🤖 AI Summary
This work addresses the limitations of existing image manipulation localization methods, which primarily rely on low-level artifact detection and struggle to identify subtle yet semantically critical forgeries. To bridge this gap, we introduce a novel task—semantic manipulation localization—and present the first fine-grained benchmark dataset tailored for this purpose. We further propose TRACE, an end-to-end framework that integrates semantic anchoring, frequency-domain perturbation awareness, and joint reasoning over semantic content and spatial extent to precisely localize manipulated regions even under high semantic consistency. Experiments demonstrate that TRACE significantly outperforms current approaches on our benchmark, yielding more complete, compact, and semantically coherent localization results. This study underscores the pivotal role of semantic awareness in image forensics and establishes a new paradigm for semantics-driven manipulation localization.
📝 Abstract
Image Manipulation Localization (IML) aims to identify edited regions in an image. However, with the increasing use of modern image editing and generative models, many manipulations no longer exhibit obvious low-level artifacts. Instead, they often involve subtle but meaning-altering edits to an object's attributes, state, or relationships while remaining highly consistent with the surrounding content.
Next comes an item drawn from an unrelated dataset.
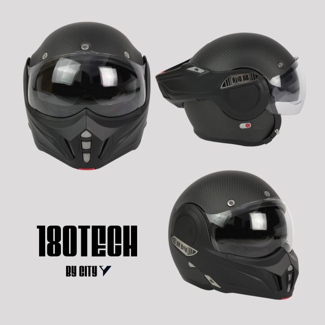 Casco modular 180Tech, para los que buscan un casco más amable en el día a día, fabricado en fibra de carbono, con visor solar incorporado y ventilaciones en mentonera y frente. Materiales que ofrecen una alta resistencia a los impactos y una gran ligereza, con un peso de 1400gr. Precio: 352,99€ (Tallas: XS-XL).

This makes conventional IML methods less effective because they mainly rely on artifact detection rather than semantic sensitivity. To address this issue, we introduce Semantic Manipulation Localization (SML), a new task that focuses on localizing subtle semantic edits that significantly change image interpretation. We further construct a dedicated fine-grained benchmark for SML using a semantics-driven manipulation pipeline with pixel-level annotations. Based on this task, we propose TRACE (Targeted Reasoning of Attributed Cognitive Edits), an end-to-end framework that models semantic sensitivity through three progressively coupled components: semantic anchoring, semantic perturbation sensing, and semantic-constrained reasoning. Specifically, TRACE first identifies semantically meaningful regions that support image understanding, then injects perturbation-sensitive frequency cues to capture subtle edits under strong visual consistency, and finally verifies candidate regions through joint reasoning over semantic content and semantic scope. Extensive experiments show that TRACE consistently outperforms existing IML methods on our benchmark and produces more complete, compact, and semantically coherent localization results. These results demonstrate the necessity of moving beyond artifact-based localization and provide a new direction for image forensics in complex semantic editing scenarios.